Родители мои погибли в 1941 году при бомбардировке города Борисова.
Под судом не был.
Родственников за границей не имею.
Капитан Е. Чирков.
20.12.1942 г.
Естественная убыль
– Что я ему скажу? – испуганно спросила Татьяна.
– Уж не знаю, не ведаю, – пряча взгляд, заявила Марфа Ильинична, и второй подбородок ее неприятно колыхнулся.
– Он не поверит.
– Его дело… Только появляться близ тайника, тем паче товар туда класть, не советую.
– Он сказал, что вы ему должны две тысячи.
– За кирпичи? Разбогатеет быстро, – сказала как отрезала Марфа Ильинична, махнула при этом рукой и покраснела.
– Он приносил не кирпичи.
– Мне неизвестно, и тебе тоже.
– Вы никогда никому не верите, – вздохнула Татьяна.
– Это мой недостаток.
– С недостатками нужно бороться.
– О, если бы только с недостатками! До них руки не доходят.
– Марфа Ильинична, вы заговорите кого угодно.
– Верно, Танечка. Сызмальства я заикалась. Потом выровнялась. И теперь тараторю, удержу нет. Жан другой раз начнет на инструменте репетировать. Я к нему с разговорами. Он у меня послушный, вежливый. И то взмолится: «Мама, вы кричите так, что я барабана не слышу».
– Вам хорошо шутить, – горестно заметила Татьяна. – А что я скажу ему?
Марфа Ильинична уклонилась от ответа:
– Дай воды попить.
Они прошли на кухню.
– У меня квас есть, – сказала Татьяна.
– Лучше воды. Я квасом не напиваюсь.
Крякнув громко и неприятно, Марфа Ильинична поставила опорожненный стакан на подоконник. И повернулась спиной к окну, которое крест-накрест было заклеено узкими полосками марли.
– Ты, Татьяна, не печалься. Положись на меня. Твой, он человек осторожный, даже мне не рискует показаться. Он все разумеет… Передай ему – наперед товар пущай к тебе приносит. Когда я сама носить буду, когда ты… Ни у кого подозрения это вызвать не может. Ты моя клиентка довоенная. Ясно?

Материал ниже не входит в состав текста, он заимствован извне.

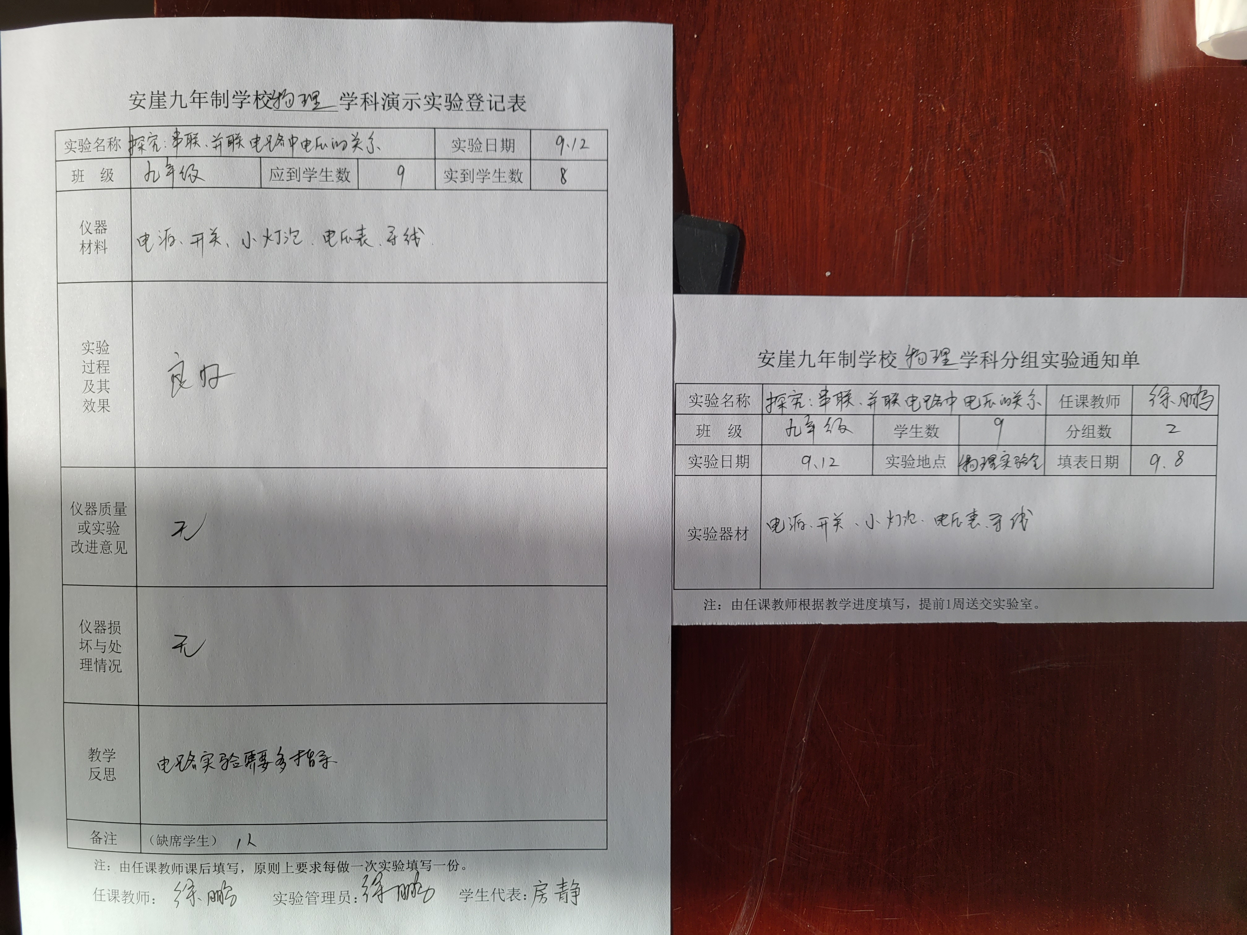 实验登记表

– Ясно, но… Кто две тысячи платить будет?
– Плюнь и забудь. В торговле всегда случается естественная убыль. Об этом каждый продавец знает.
Фляжка
В шестом часу вечера еще было светло, хотя солнце уже пряталось за мысом Косым, и свет над городом лежал мягкий, и все было без теней, как на детском рисунке. Каиров направился к Золотухину. Он медленно, словно прогуливаясь, шел по стертому, давно не ремонтированному тротуару, тянувшемуся от здания к зданию, большинство из которых давно лишились крыш и окон. Возле продуктового ларька женщины дожидались своей очереди. Продавщица резала хлеб длинным, будто сабля, ножом, и он мерцал тускло и холодно.
Сквер, заселенный старыми, кряжистыми кленами, был пуст.
Скамеек уцелело мало. Да и уцелевшие имели удручающе неприглядный вид. Но листья на деревьях уже набирали силу. И смотреть на них было приятно.
На выходе из сквера Каиров остановился, чтобы пропустить мчавшуюся на большой скорости машину, но, заскрежетав тормозами, машина лишь чуть проскочила мимо Каирова и замерла у тротуара. Показалась кудлатая голова. Знакомый голос:
– Мирзо Иванович!
– А я к тебе, Дмитрий, – сказал Каиров Золотухину.
– Милости прошу в машину.
– Здесь недалеко. Пойдем пешком. Подышим свежим воздухом, – предложил Каиров. – Это возвращает силы и бодрость.
– Как всегда правы, Мирзо Иванович.
Золотухин вылез из машины. Сказал шоферу:
– Поезжай.
Выглядел он устало. Протянул Каирову руку:
– Я подготовил сведения, которые вы просили.
– Спасибо, Дмитрий. Как Нелли?
– Что с ней станется? – недовольно ответил Золотухин.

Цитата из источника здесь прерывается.